RSNLOOPFingerprintIEEE80211 / Wi-Fi
Invalid RSN (802.11i) security tags in a beacon frame can be used to cause loops and denial of service in some versions of the Atheros drivers, as described in CVE-2017-9714 and by Scott Bauer.
RTL8195VD1406FingerprintIEEE80211 / Wi-Fi

A series of vulnerabilities in the RTL8195A Wi-Fi drivers can allow code execution without authentication, as described in CVE-2020-9395 and the VDOO paper here.

Over-sized EAPOL Key packets can be used to trigger overflows in the driver and gain code execution.

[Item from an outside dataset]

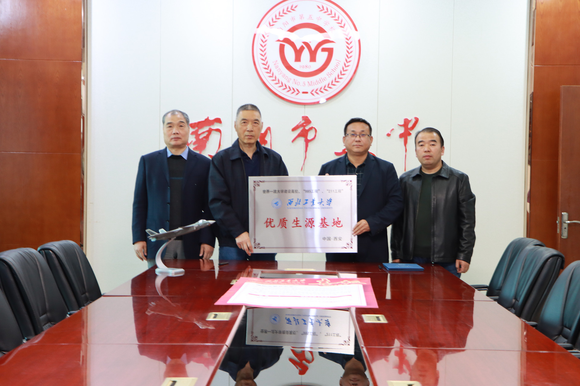 授牌仪式上,李洪潮教授为我校颁发了喜报,授予我校“优质生源基地”牌匾,并赠送我校一架精美的歼-20战斗机模型。双方希望以此次授牌为契机,拓宽两校合作渠道,创新人才培养模式,携手培养更多共同校友,为国防事业贡献更大力量。

RTLWIFIP2PFingerprintIEEE80211 / Wi-Fi
A vulnerability in the Linux RTLWIFI driver could lead to code execution or a denial of service, as described in CVE-2019-17666 and the LKML mailing list. This attack involves malformed Wi-Fi Direct P2P Notification of Absence frames.
VDOO202027301FingerprintIEEE80211 / Wi-Fi
A vulnerability discovered by VDOO in the RTL8170C chipset could be used to execute code on the device with over-long key responses in the WPA handshake. This attack has not been seen in the wild yet, and requires knowledge of the victim devices WPA PSK. A WPA RSN key response with a total length over 0x101 bytes can be used to overflow a static buffer. The attack is described in CVE-2020-27301 and the VDOO report here.
VDOO202027302FingerprintIEEE80211 / Wi-Fi
A vulnerability discovered by VDOO in the RTL8170C chipset could be used to execute code on the device with over-long key responses in the WPA handshake. This attack has not been seen in the wild yet, and requires knowledge of the victim devices WPA PSK. A WPA RSN key response with AES encryption and a length over 0x80 can be used to overflow a static buffer. The attack is described in CVE-2020-27302 and the VDOO report here.
WMMOVERFLOWFingerprintIEEE80211 / Wi-Fi
The Wi-Fi standard specifies 24 bytes for WMM IE tags. Over-sized WMM fields may be an attempt to exploit bugs in Broadcom chipsets, such as the Broadpwn attack.
WPSBRUTETrend / StatefulIEEE80211 / Wi-Fi

The WPS protocol has been shown to have numerous vulnerabilities, including errors in how the key exchanged is processed making it much weaker against brute force attacks.

Excessive WPS negotiation attempts may indicate a brute force attack such as Reaver against a WPS enabled Access Point.

WMMTSPECFingerprintIEEE80211 / Wi-Fi
Too many WMMTSPEC options were seen in a probe response; this may be triggered by CVE-2017-11013 as described by Scott Bauer.